We still have problems in television shows with tokenism, but I also think sometimes it’s the nature of a 30-minute format. This character had a purpose and they filled it. But in the wrong hands, without talented writers, without them actually being interested in women that age themselves, without those actresses, it could have flopped. It's really important that they were just really interesting characters. You could talk about the personalities of these four people without ever really revealing their gender or age.

Enough Wicker

Where are you at now, in terms of your career?


Miles Martin

My whole brand is essentially that I've never been sciencey enough to be a science person, and I’ve never been into arts and humanities enough to truly commit.
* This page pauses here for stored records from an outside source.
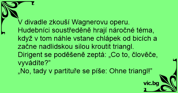 V divadle zkouší Wagnerovu operu. Hudebníci soustředěně hrají náročné téma, když v tom náhle vstane chlápek od bicích a začne nadlidskou silou kroutit triangl. Dirigent se poděšeně zeptá: „Co to, člověče, vyvádíte?”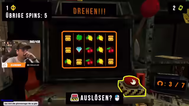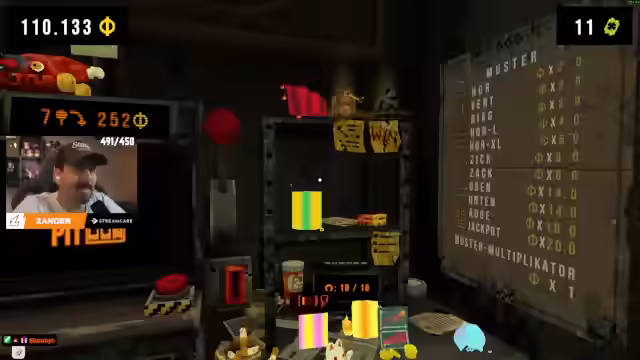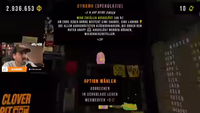 00:00:00Der Stream beginnt mit dem Spiel Cloverpit, einem neuen Roguelike-Kartenspiel auf Steam, das an Balatro erinnert. Das Spielprinzip basiert auf Glücksspielelementen, bei dem man durch das Ziehen von Karten verschiedene Kombinationen erzielt, um einen bestimmten Wert pro Runde zu erreichen und nicht zu sterben. Es gibt verschiedene Items, die mit Glückstickets freigeschaltet werden können, welche man pro Runde erhält. Diese Items beeinflussen das Spielgeschehen, indem sie beispielsweise mehr Glückstickets geben. Im Spiel gibt es auch zufällige Ereignisse, wie ein klingelndes Telefon oder freigespielte Schlüssel. Es wird erklärt, dass Symbole einen Multiplikator haben, der ihren Wert erhöht, wenn sie mehrfach vorkommen. Ein neues Feature ist der freigeschaltete Glücksbringer Nummer 1, der durch einen roten Knopf ausgelöst wird und gelbe Symbole zusätzlich auslöst. Es wird die Funktionsweise verschiedener Glücksbringer erläutert, wie das Zitronenbild, das die Häufigkeit von Zitronen erhöht, und ein Item, das Glück für den aktuellen Spin erhöht. Der Streamer testet verschiedene Kombinationen und erklärt, dass man nun die Möglichkeit hat, Items in eine Schublade zu legen, was in der Demoversion nicht möglich war. Man kann zwischen sieben Spins mit einem Glücksticket oder drei Spins mit zwei Glückstickets wählen. Aktuell hat man 75 Schulden und 30 eingezahlt, wobei man 7% Zinsen auf die Einzahlung erhält. Es werden sieben Spins gemacht, um den Wert zu erhöhen, wobei die aktivierte Karte Viererkombinationen verdoppelt. Nach der Runde hat man 24 Credits und zwei Glückstickets. Es wird überlegt, ob man die Zitronen nehmen soll und es werden nochmals sieben Spins gemacht.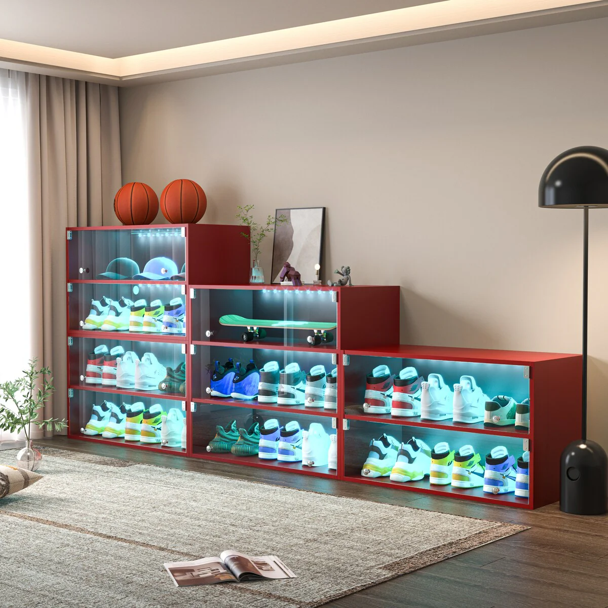 Glass Door Shoe Box Shoe Storage Cabinet For Sneakers With RGB Led Light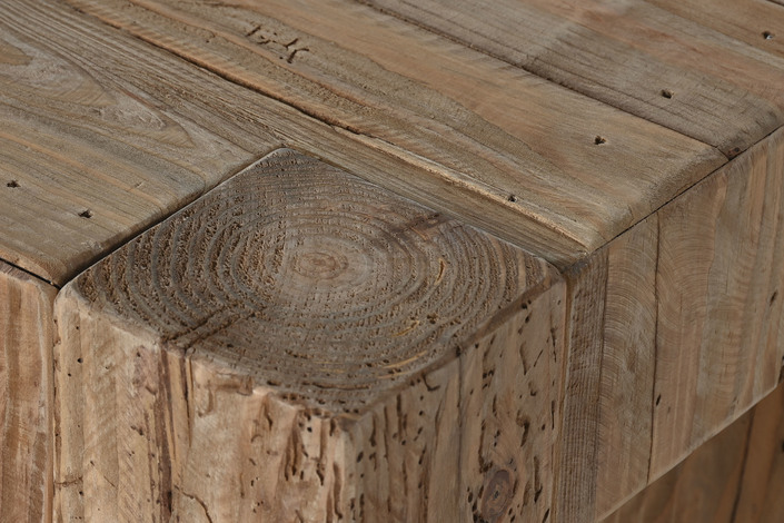 Dimensiones (cm) Longitud 117  |  Fondo 36  |  Altura 71 Peso neto producto (kg) 25,00 Material Madera reciclada  |  Pino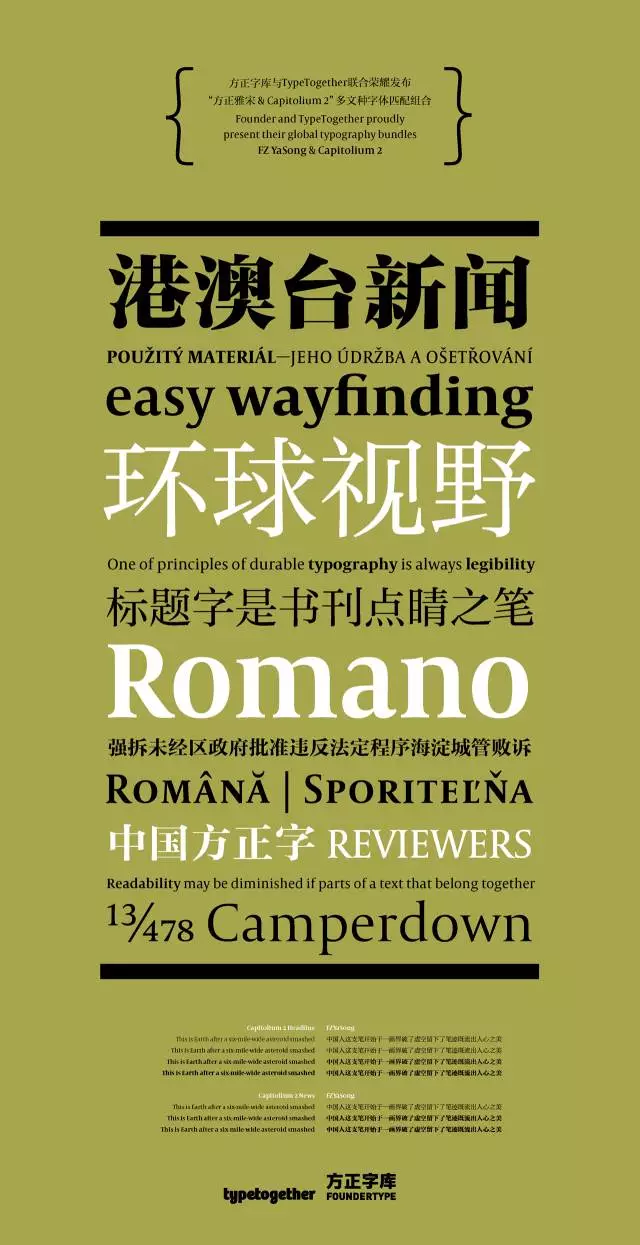 方正字库与Typetogether携手推出32套中西文字体匹配方案,不仅设计规范、风格多样,考虑了与方正字体的匹配问题,还支持110多个西欧主要国家的官方语言,满足国内设计师选用西文字体的需求,减轻设计师在中西文混排时的困扰。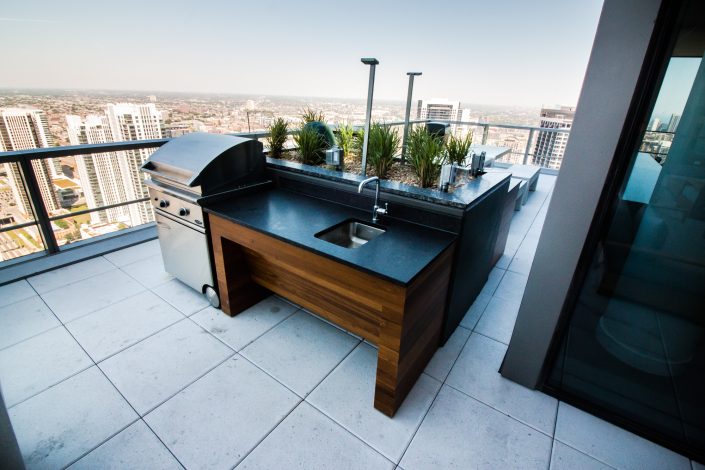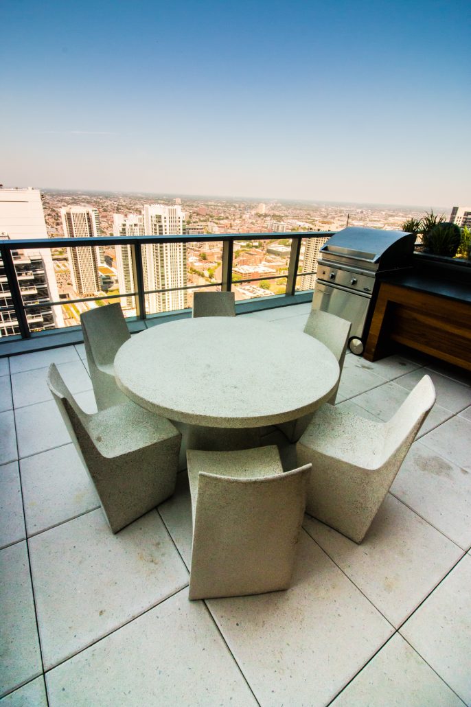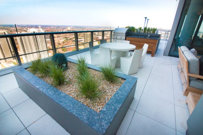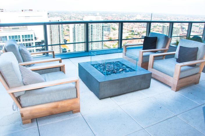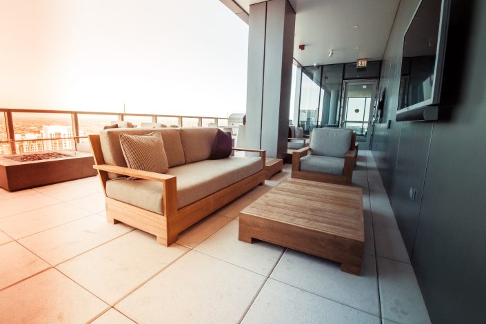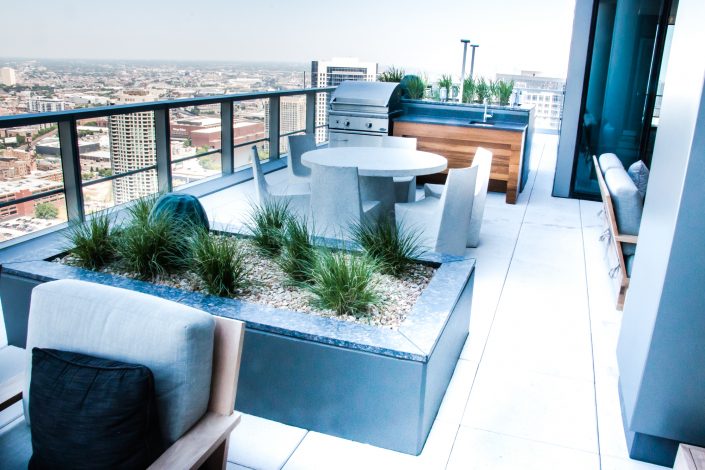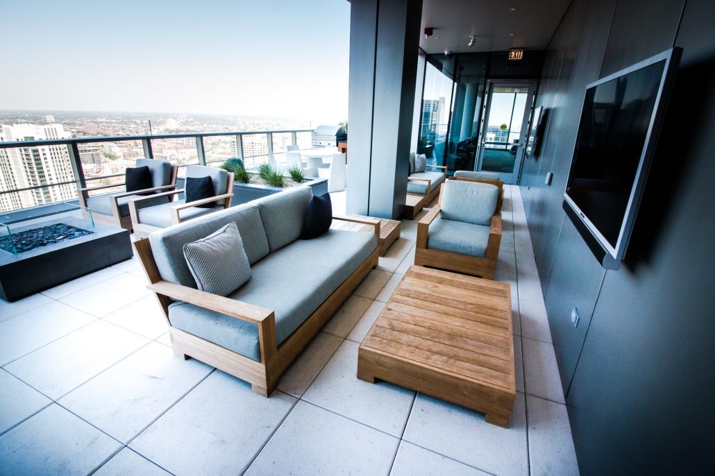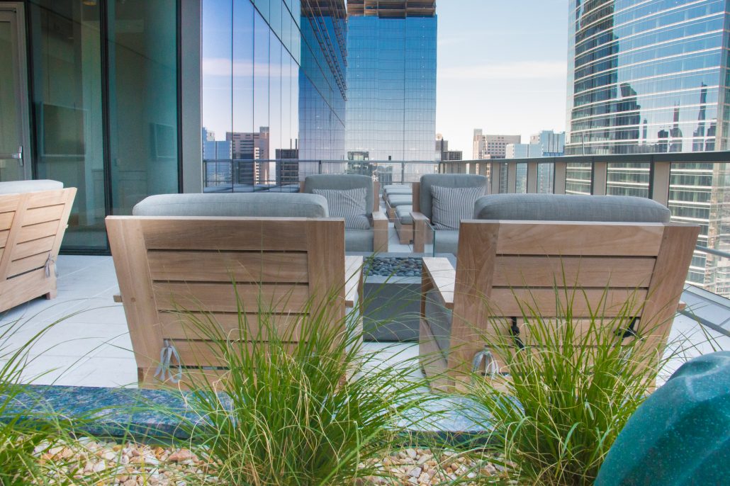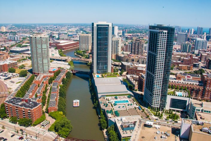 Elegantly responding to the confluence of the Chicago River, Wolf Point West’s design maximizes views in every direction rising 46 stories high. Residents will enjoy spectacular views from floor-to-ceiling windows, as well as inset balconies on select units. These brand new, stunning River North apartments feature refined architectural detailing with duotone, soft-close cabinetry, quartz countertops, undermount sinks and wood grained flooring. BOS furnished and installed common areas, business center, offices, and model units.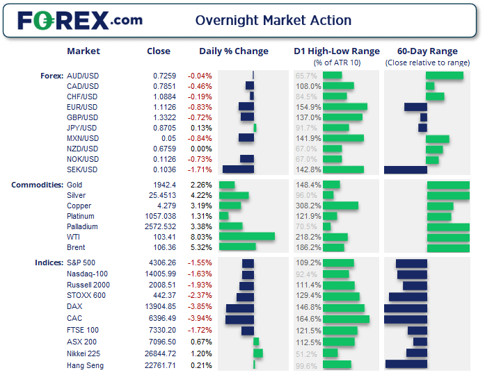 ASX 200昨天开局出色,结局也不错。该指数回吐强劲反弹所斩获涨幅的一半左右,之后收于7100下方。依据美股隔夜走势,ASX200指数今天预计遭遇更多抛压。但从现实来看,该指数仍交投于周四因战争爆发而形成的区间内。也就是说,价格下破6959或上破7208,可能都需要一定级别的催化剂。如果没有,价格可能继续震荡交投。明智的交易者此时不会冲动地建立头寸。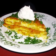 Pour the mixture onto a preheated skillet greased with vegetable oil. Cook on low heat under a lid. Flip the omelette, cover the skillet again with a lid, and cook on low heat. The finished omelette can be served with sour cream or simply on its own.

I’ve bounced around from loving science content and health content, obviously, but not wanting to work in a research lab. Never see the light of day, lots of numbers — really not for me. So where that led me was to creative ways to deliver that science and medical information. Today my job is essentially communicating the ideas of scientific papers to non-scientists.


Looking back, I do think there’s something to be said for the power that television could theoretically have in terms of delivering medical information.


There are a lot of studies on how, in parts of Africa today, they’ve used plays and television and storytelling to get life-saving HIV/AIDS information to young people. There is something to be said for how writing this Golden Girls paper gave me perspective in terms of broadening the way I look at how any creative performative product — television, theater, whatever it is — can impart this information. It informed the way I looked at those things moving forward, both in terms of how I consume them but also informing how I create science communication products.


Enough Wicker

What does the TV landscape look like these days as compared to the 1980s?


Miles Martin

It’s so different. In my paper, I refer to The Golden Girls as being unique in transmitting ideas to audiences because of its “intersectional position in the range of programming available.” These days, someone can suggest you watch something, and you never have to, because there’s a thousand other things you could be watching. I don’t watch anything anyone tells me to! I say I’m gonna ‘add it to the list’ — there’s no list. And I feel like you can relate to this, being a pop culture scholar: We can only watch so much, because we have to watch the same thing 100 times.


I mean, how can I try a new show when I have to go back and look for this one particular minute instance I just remembered in The Golden Girls?